Advanced PDF parser diagnostics
At a glance
Section titled “At a glance”The Artisan import path reads a Chrome-generated Portable Document Format (PDF) file and brings one page into a NextPDF document. When a difficult input breaks that import, look below PageImporter::import() to the parser classes that read the file byte by byte.
This guide covers the low-level parser surface in the NextPDF\Parser namespace: PdfReader, PdfTokenizer, CrossRefParser, StreamDecoder, ResourceCollector, RevisionExtractor, and the value objects PdfObject and RevisionXRefTable. Every symbol shown here exists in nextpdf/artisan. The guide describes the parser as it is built, not an idealized interface.
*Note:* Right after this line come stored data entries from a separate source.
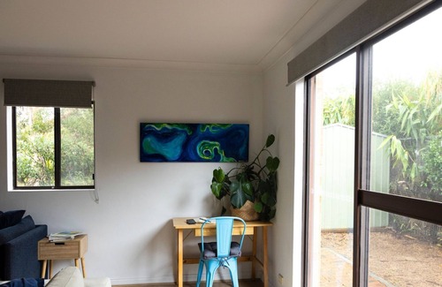The duplex sits on the ground floor and has been furnished with casual comfort and relaxation in mind. A well-stocked original kitchen will delight you with its vintage treasures and has everything you need for a cook up. Enjoy your meals in the eat-in kitchen area or head outside to the outdoor setting where you can hear the waves. There are two good-sized bedrooms, with one queen bed and two singles will accommodate your group, there is also a day bed in the living area that can sleep an additional guest or child. A single bathroom with walk-in shower and a laundry completes the picture.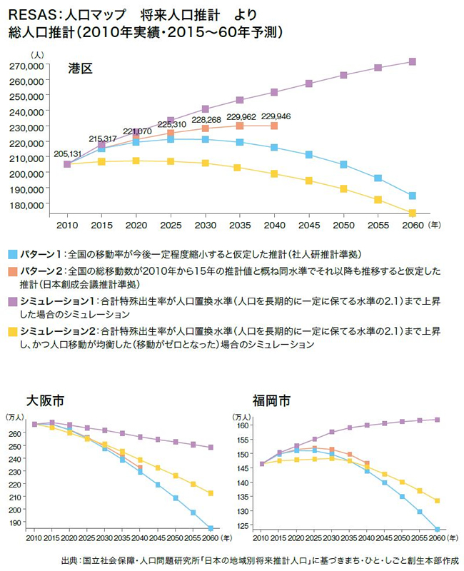 例えば、湾岸エリアや、田町・品川駅間に新たに開業する「品川新駅」周辺エリアの再開発が進む東京都港区は、最も現実的な予測と思われる「パターン2(全国の総移動数が2010年から15年の推計値と概ね同水準でそれ以降も推移すると仮定した推計)」の場合、35年まで人口は増加する。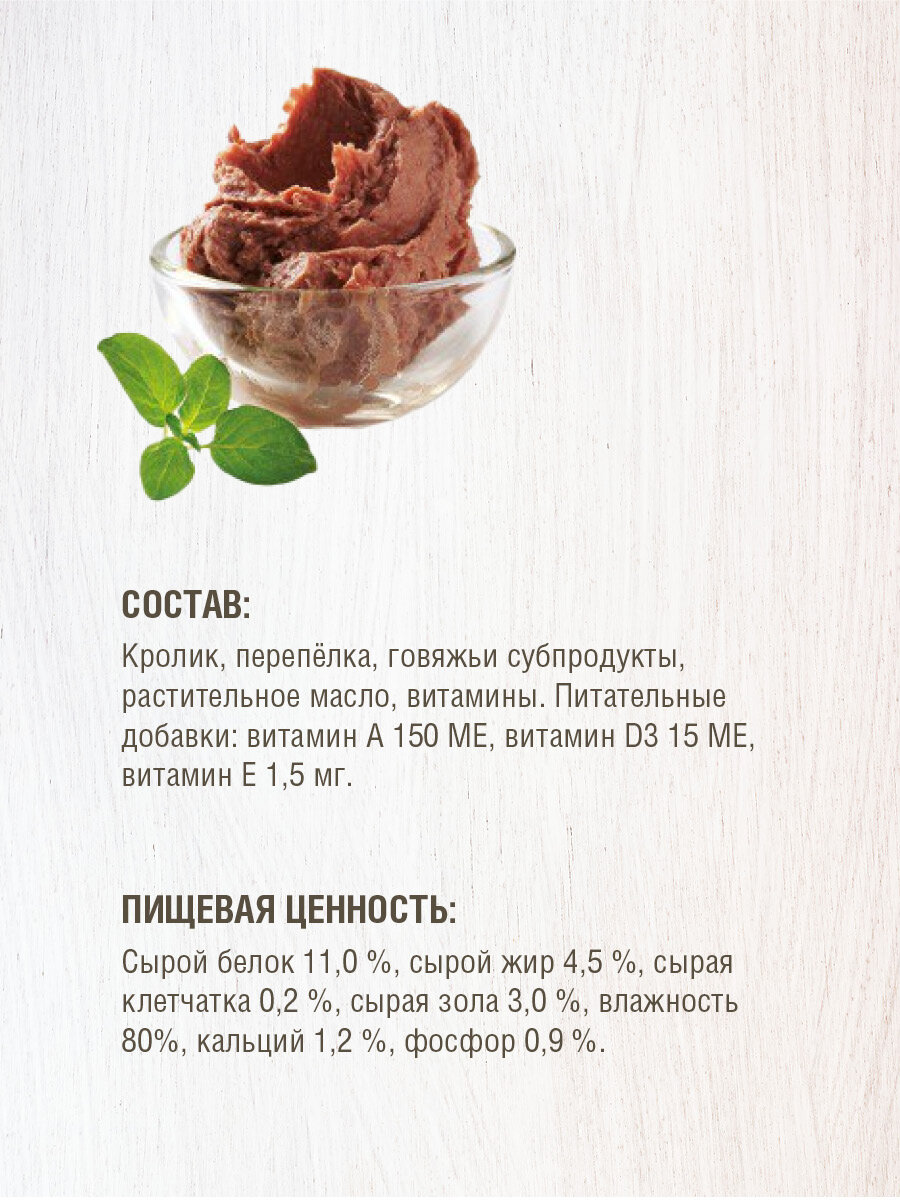 | Состав | курица, индейка, говяжьи субпродукты, растительное масло, витамины |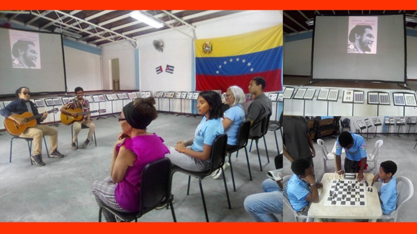 Mientras se desarrollaba el conversatorio los niños y jóvenes jugaban ajedrez, unos de los pasatiempos favoritos del Che’ debido a su estrategia de planificación y concentración.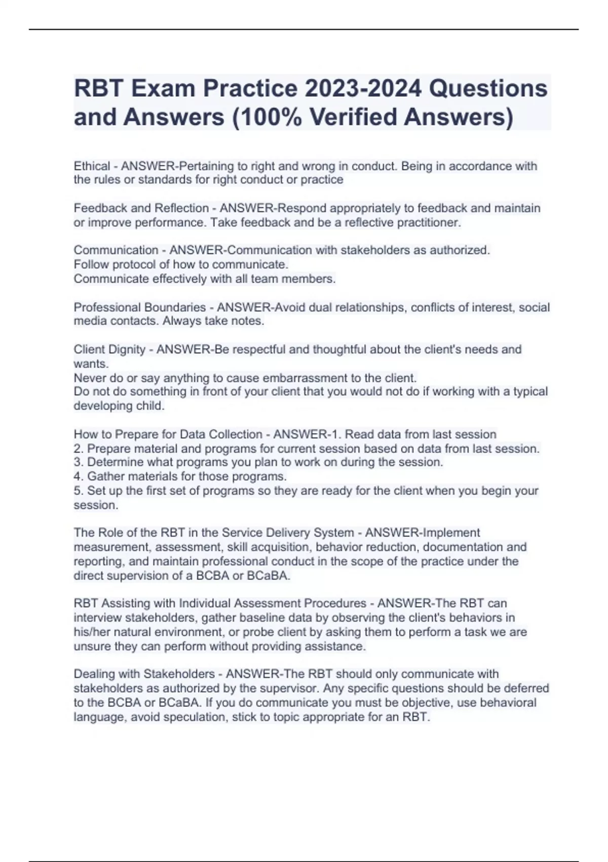 RBT EXAM STUDY BUNDLE| COMPLETE QUESTIONS WITH VERIFIED ANSWERS
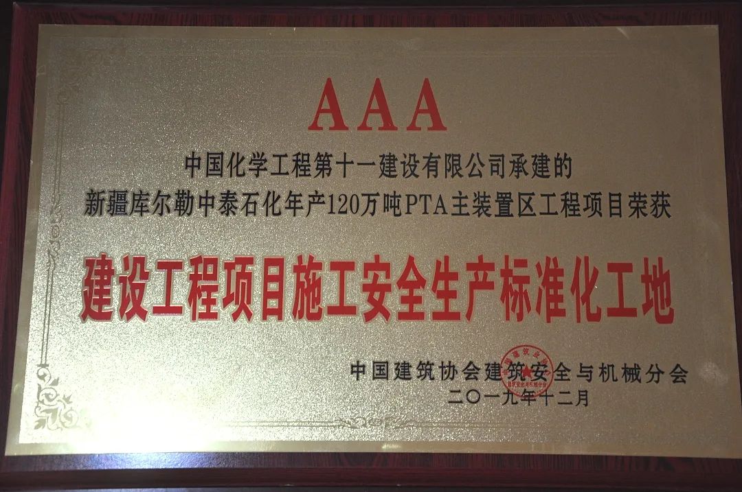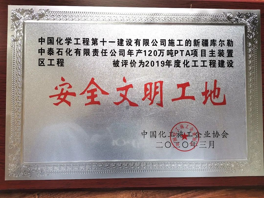 近日,公司新疆库尔勒中泰石化年产120万吨PTA项目获得“全国化学工业优质工程奖”殊荣,这是继荣获“2019年度优秀吊装工程”奖、“AAA施工安全生产标准化工地”、“化工建设工程安全文明工地”之后荣获的又一化工建设领域奖项。这是对项目施工管理过程中严格履行质量、环境及职业健康安全管理体系的褒奖,也是对工程设计技术领先、项目管理规范、工程质量优良、运行安全可靠、综合效益显著的充分肯定。
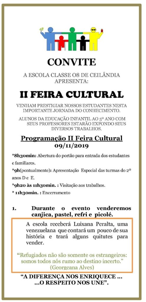 A atividade também contará com a presença da venezuelana Luixana Peralta, que contará sua trajetória de vida e aproveitará a oportunidade para vender alguns quitutes. Não perca!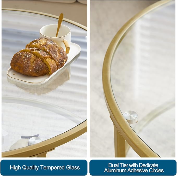 VINGLI Glass Coffee Table, 30" Round Champagne Gold Coffee Tables for Living Room,2-Tier Glass Top Coffee Table with Storage Clear Coffee Table,Simple & Modern Center Table Mesa de Centro Para Sala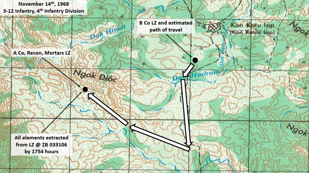 On November 14th, 1968, elements of Alpha & Bravo Companies, along with men from the battalion Recon and Mortar platoons of the 3/12 Infantry received orders to combat assault into separate landing zones (LZ) southeast of the battalion firebase on Hill 1338. Alpha Company, the Recon Platoon and two 81mm mortar crews were up first. The landing, accomplished by at least 12 sorties of Huey aircraft from the 119th Assault Helicopter Battalion, was uneventful. Alpha Company, under the command of Captain Donald Androsky, began to move through pre-designated checkpoints around the southern slope of Hill 770. Recon Platoon established a small perimeter near the LZ, and the mortar crews set up their 81mm tubes, ready to deliver fire support if needed.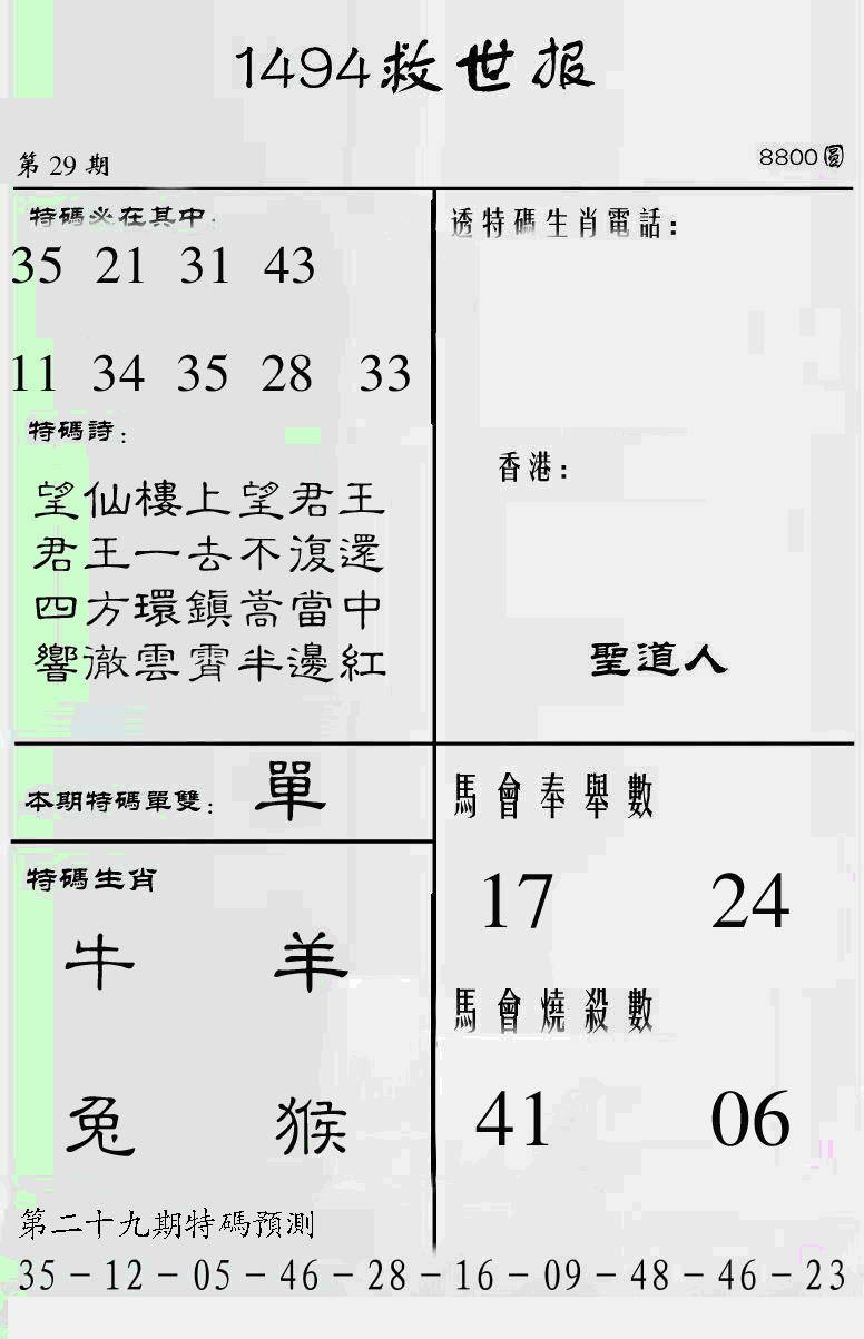 曾道人特码救世报B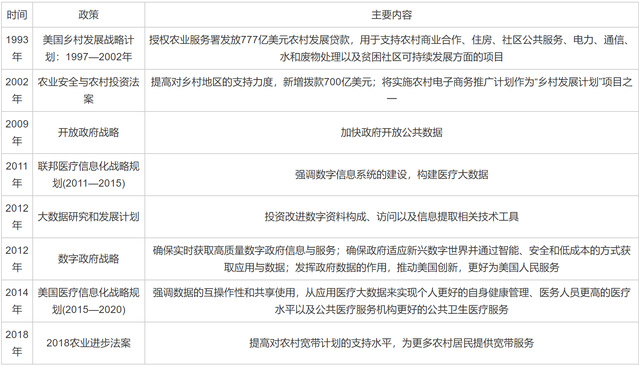 美国正积极推进政策数字化转型,陆续出台了《开放创新备忘录》《数字政府:建立一个面向21世纪的平台更好地服务美国人民》等法规战略,加速推动数字政府的建设。2012年发布的《大数据研究和发展计划》,更是提出将大数据技术作为提升政府治理能力的重要手段。乡村治理作为国家治理的一部分,其数字化进程也受到这些政策的大力推动。以公共教育和医疗服务为代表的社会公共服务信息化建设战略规划,也从乡村公共服务数字化角度推动乡村治理数字化发展。此外,自1936年《农村电气化法》出台后,美国陆续颁布一系列农业农村规划法案,从农村基础设施建设、金融信贷、生产生活服务等方面对乡村治理数字化提出发展要求及建设方向。

Use this guide as both explanation and how-to. It shows how the pieces fit, then walks you through inspecting an incremental-update revision. For the import boundary above this layer, see the Artisan developer guide.
When you need this
Section titled “When you need this”Use the parser surface only when the normal import path has already failed and you need to find the cause. Typical triggers include:
PageImporter::import()throwsNextPDF\Artisan\Exception\PdfParseException, and you need to know whether the cross-reference table, a stream filter, or the page tree is at fault.- A Chrome upgrade changes the output format, such as when a traditional cross-reference table becomes a cross-reference stream, or vice versa, and your fixtures stop matching.
- You receive a third-party PDF that Chrome did not produce, and you want to confirm whether the parser can read it at all.
- You are analyzing an incrementally updated document and need per-revision byte ranges or object visibility.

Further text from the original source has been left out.